かぐやという場、空気をすくいあげる。そんな映像の中には、美しいだけではない、どこか泥臭く、人の弱い部分も滲み出るようは表情も映し出されています。そこにも何か特別なメッセージや意図はないのでしょうか。

津村監督 ​そうした弱さも映し出すことが、一番自然なことだと思ったんです。メンバーの内面の苦悩を知りたいとか、そういうことを思っていなくても、関わりが深まる中で自然にメンバーたちが言葉を発してくれました。とくにカメラと向き合うと、人は自分の心の内を表に出してくれます。じゃあ、メンバーの葛藤や言葉を伝えたいのかというとそういうことではないんですね。
ぼくは自分が現場で感じたもの、かぐやの暮らしのディテール、そういうものを集めて積み上げていって表現したいと思っていました。

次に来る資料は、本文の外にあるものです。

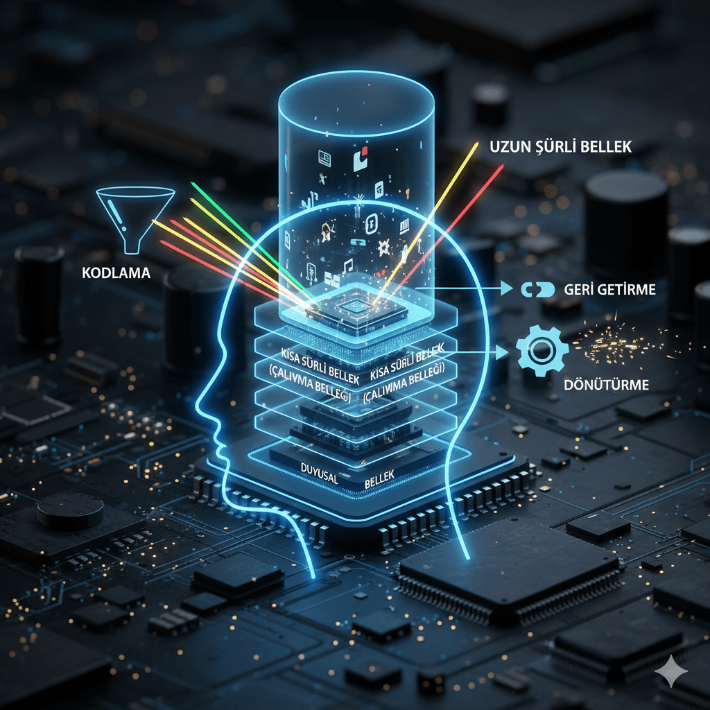 Bilgi İşlem Kuramına Göre Zihinsel Süreçer ve Bellek Yapıları (Yapay Zeka ile Oluşturulmuştur)

見てくれた人になにが伝わるのかはわからない、でも、それでいいと思っています。

インタビューの隣でごろんと休憩中のメンバー

意図して伝えようとしなくても、映画が常に満員であるということが、かぐやの風景、時間を通して、見た人の心に伝わるものがある、と教えてくれているようです。

地域から発信することで福祉を超えていく

メンバー、スタッフ入り混じるかぐやの靴箱

映画が完成し、あえて、同じ藤沢の小さな映画館「シネコヤ」で上映を始めた『かぐやびより』。監督はとても幸運なスタートだったと振り返ります。

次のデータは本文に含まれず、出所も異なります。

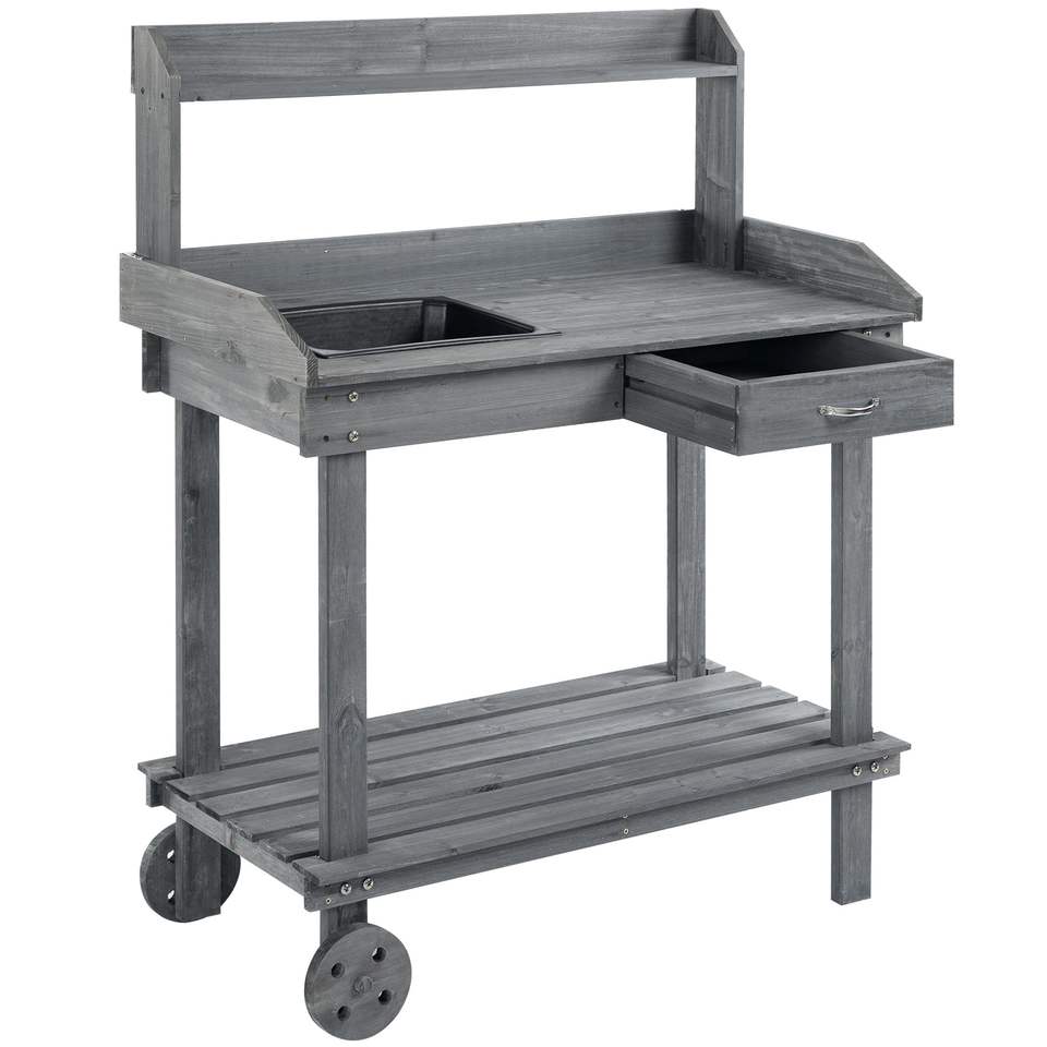 Panca in legno grigio con ruote lavello cassetti spazi di stoccaggio per mobili da giardino

津村監督 まるで用意されていたかのように、素晴らしい、地域にある映画館からスタートできたことが『かぐやびより』の公開にあたり一番嬉しいことでした。
たくさんの地元の方が見てくれる、これはひとつの産物です。

(写真提供:津村監督)

シネコヤの上映会場では監督始め、かぐやのメンバーも舞台挨拶に(写真提供:津村監督)

津村監督 ひとつ、このドキュメンタリーを通じて言えることがあるとすれば、福祉施設という存在と、私たちの日常との間にあるカーテンみたいなものを取り除いてひとりひとりと向き合うと、みんな変わらないんじゃないってことですよね。

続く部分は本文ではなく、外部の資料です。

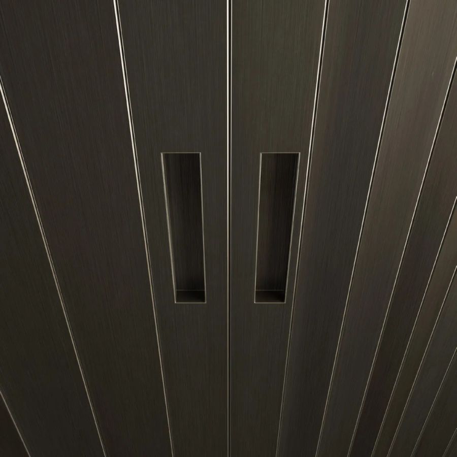 Metal handle carved into the thickness of the door. Customizable in all the metals of the Stars collection: satin brass, burnished brass, satin copper, burnished copper, polished steel or black iron 'cenere'.
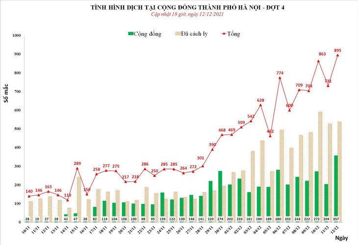 - Số ca mắc mới từ 18h ngày 11/12 đến 18h ngày 12/12 Hà Nội ghi nhận 895 ca bệnh trong đó: cộng đồng 357 ca, khu cách ly 472 ca, khu phong tỏa 66 ca.

「かぐやのメンバーをときどき駅で見かけていて、不思議な人だなと思っていたけど、映画をみて、この人だとわかったから声をかけるようになりました」という話を聞きました。その人にとっては、映画を通して、ちょっと変わった人だと思っていた誰かが身近になったということですよね。そういう風に今まで間にあった壁のようなものがなくなって、普通に話してもいいんだとわかる、そういう気づきはいいなと思いました。

かぐやの風景を見ていると、素直になれるし、楽になる。多くの人が同じように感じてくれればいいと思います。

撮影中のカメラマンさんの後ろで「撮ってー」と待っていたふたり。自慢の陶芸品と一緒に

「予想していたわけではない。でも、地域のことを地域で発信することを大事にした結果、生まれてくる多様な感想が嬉しいよね」と監督。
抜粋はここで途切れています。